En ce qui concerne l’imposition du crédit de 41 679 francs :

Considérant que ce crédit constaté le 19 septembre 1994 sur le compte Crédit Agricole du requérant correspond à l’encaissement de trois chèques émanant de la SVI DAF, pour un montant de 33 389 francs, de M. Mangini pour la somme de 2 000 francs et de M. Desjoyaux pour la somme de 6 290 francs ; que M. Y n’apporte aucune preuve de ce que la somme versée par la SVI DAF correspondrait au remboursement de dépenses qu’il aurait précédemment exposé pour le compte de la société DAF ; qu’il n’établit donc pas le caractère non imposable des sommes en litige ; qu’en outre, la seule circonstance qu’un chèque émane de la société DAF ne suffit pas à justifier l’imposition du crédit correspondant dans la catégorie des revenus de capitaux mobiliers ;

Sur les pénalités :

Considérant qu’aux termes de l’article 1729 du code général des impôts : «Lorsque la déclaration ou l’acte mentionnés à l’article 1728 font apparaître une base d’imposition ou des éléments servant à la liquidation de l’impôt insuffisants, inexacts ou incomplets, le montant des droits mis à la charge du contribuable est assorti de l’intérêt de retard visé à l’article 1727 et d’une majoration de 40 % si la mauvaise foi de l’intéressé est établie (…) »;

Considérant que compte tenu des montants en cause et de l’absence de toute justification sérieuse et cohérente de l’origine des sommes en litige, l’administration doit être regardée comme ayant établi la mauvaise foi du requérant et, par suite, le bien-fondé des pénalités assignées en application de l’article 1729 du code général des impôts ;

Sur les conclusions tendant à l’application des dispositions de l’article L.761-1 du code de justice administrative :

Considérant que les dispositions de l’article L.761-1 du code de justice administrative font obstacle à ce que l’Etat qui n’est pas, dans la présente instance, la partie perdante pour l’essentiel, soit condamné à payer à Mme Louise Y et Melle Sylvie Y, la somme qu’elles demandent au titre des frais exposés par elles tant en première instance qu’en appel et non compris dans les dépens ;

DÉCIDE :

Article 1er : Le jugement du Tribunal administratif de Montpellier en date du 3 novembre 2005 est annulé en tant qu’il rejette les conclusions de M. et Mme Y.
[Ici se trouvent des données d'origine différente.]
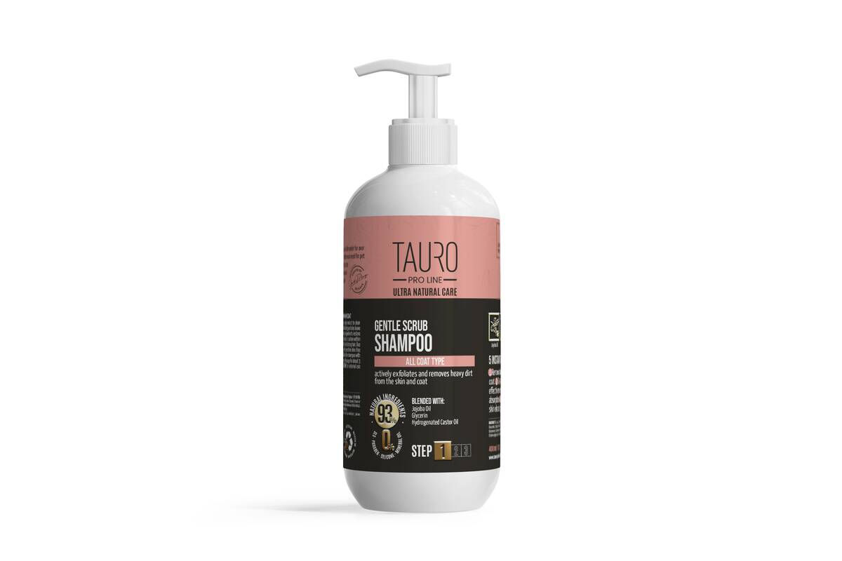 Ultra Natural Care Gentle Scrub Shampoo is the 1st step in a three-step cleansing system: is performed to remove dirt, excess sebum, dust particles, grime and excess skin and coat care products.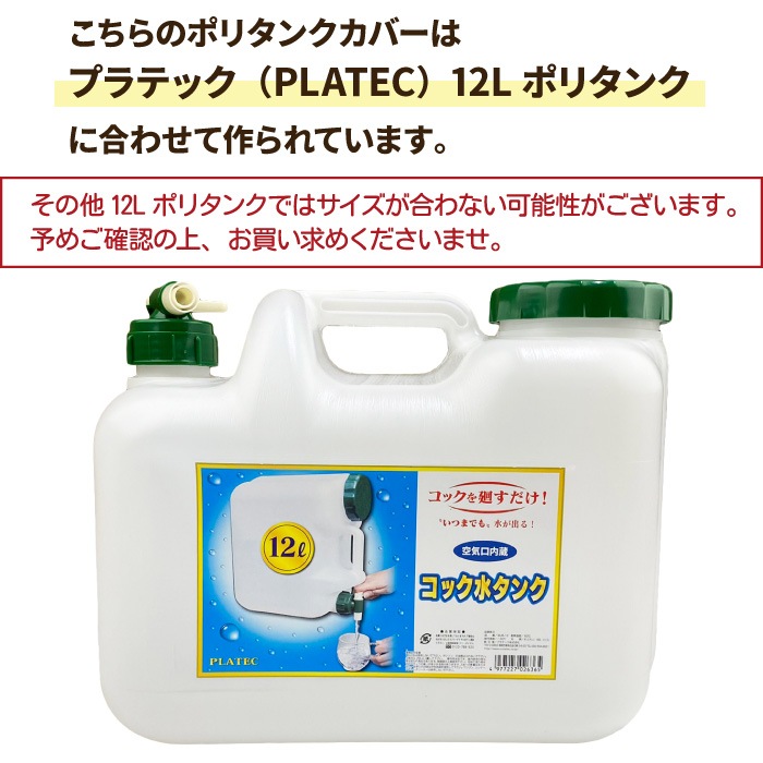 こちらのポリタンクカバーは、プラテック(PLATEC)12Lポリタンクに合わせて作られています。
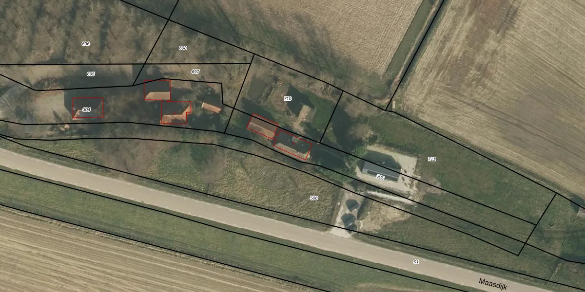 Maasdijk 5 is gelegen op kadastraal perceel BTB00E305. Deze kadastrale aanduiding is uniek en wordt gebruikt door het Kadaster om eigendomsrechten en andere zakelijke rechten vast te leggen. Het perceel maakt onderdeel uit van de kadastrale gemeente Batenburg.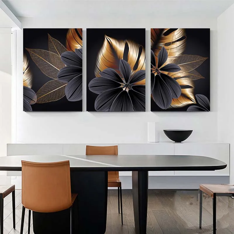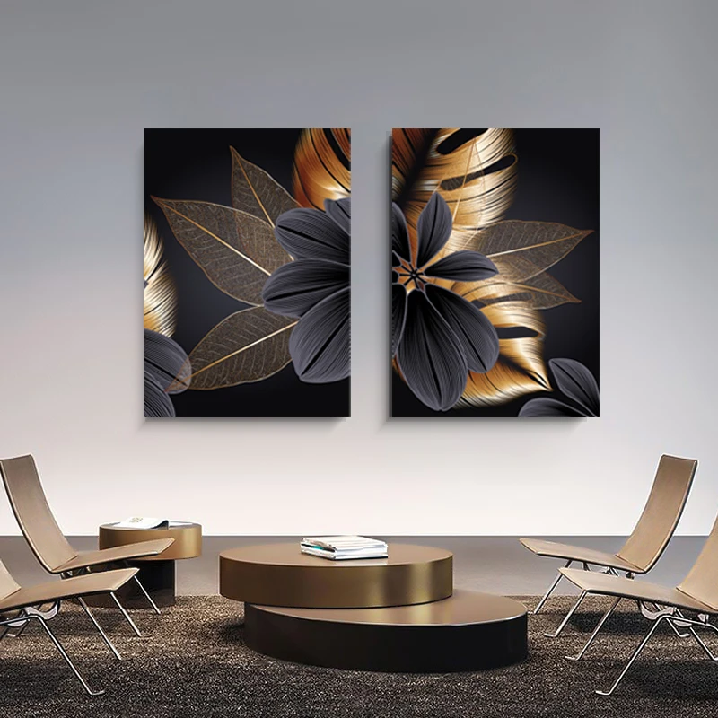 Настенная живопись WANGART, абстрактная картина в скандинавском стиле, декор для гостиной, черный, золотой, лист растений, холст, плакат, Современный домашний декор

Article 2 : Il est donné acte du désistement des conclusions de M. et Mme Y tendant à la décharge en base de la somme de 9 497 francs.

Article 3 : Le surplus des conclusions de la demande présentée au tribunal administratif est rejeté.

Article 4 : Les conclusions de M. Y présentées devant la Cour sur le fondement de l’article L.761-1 du code de justice administrative sont rejetées.

Article 5 : Le présent arrêt sera notifié à Mme Louise Y et Melle Sylvie Y

et au ministre du budget, des comptes publics et de la fonction publique.